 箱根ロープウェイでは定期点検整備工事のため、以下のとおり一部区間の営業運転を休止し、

...

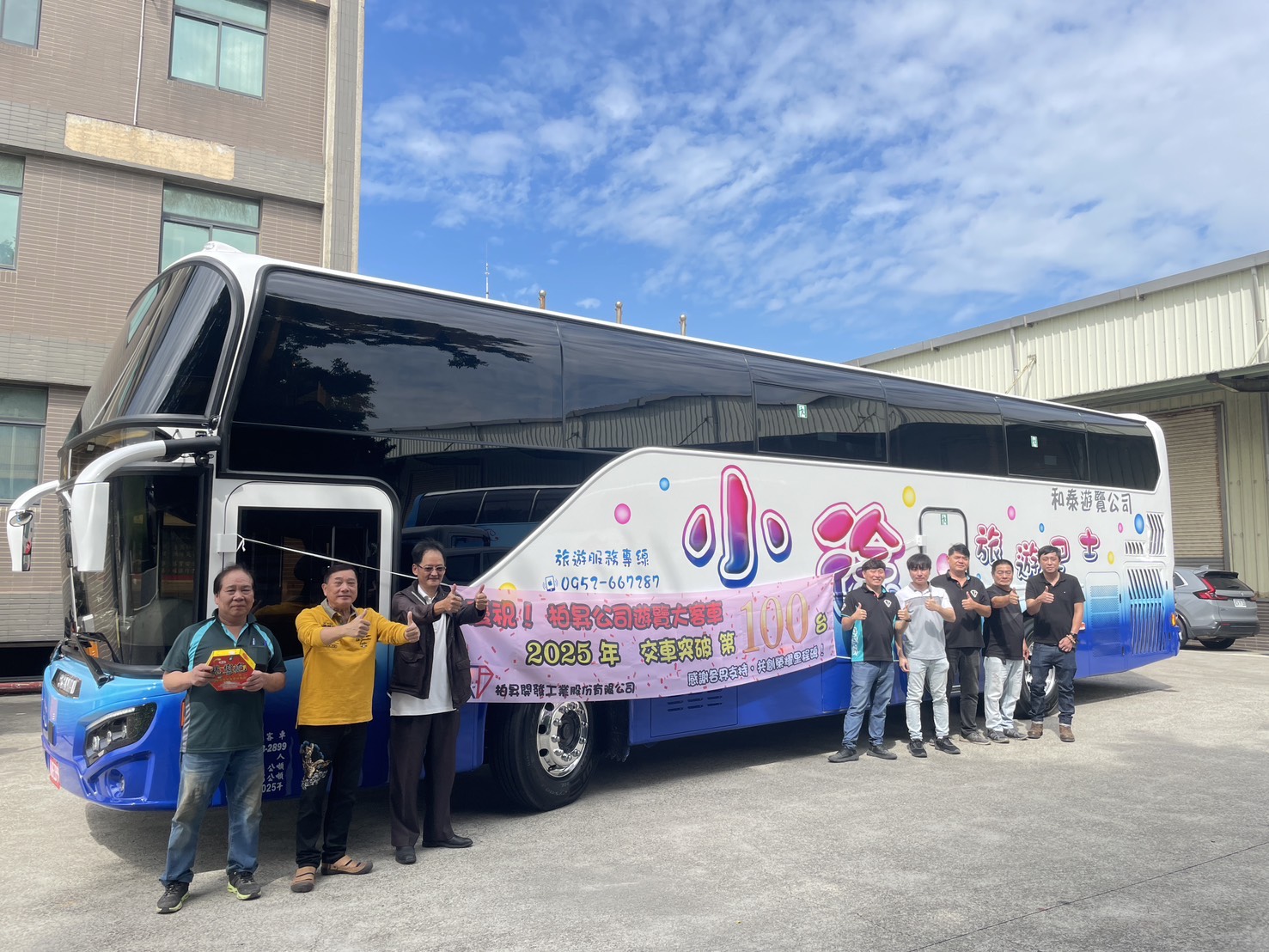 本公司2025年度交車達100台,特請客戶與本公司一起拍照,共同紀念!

--

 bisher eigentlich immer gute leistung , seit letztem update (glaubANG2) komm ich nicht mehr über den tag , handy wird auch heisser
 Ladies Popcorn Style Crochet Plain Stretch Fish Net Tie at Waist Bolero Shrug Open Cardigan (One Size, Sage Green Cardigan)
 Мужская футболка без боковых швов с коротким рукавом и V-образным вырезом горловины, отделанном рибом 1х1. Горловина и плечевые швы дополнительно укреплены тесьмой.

WHAT YOU WILL DO: Both the line containing "Ladies Popcorn Style" and the line containing "Мужская футболка без" belong in the answer. Print them and every line above that falls between them exactly, and no others.

TASK ANSWER:
 Ladies Popcorn Style Crochet Plain Stretch Fish Net Tie at Waist Bolero Shrug Open Cardigan (One Size, Sage Green Cardigan)
 Мужская футболка без боковых швов с коротким рукавом и V-образным вырезом горловины, отделанном рибом 1х1. Горловина и плечевые швы дополнительно укреплены тесьмой.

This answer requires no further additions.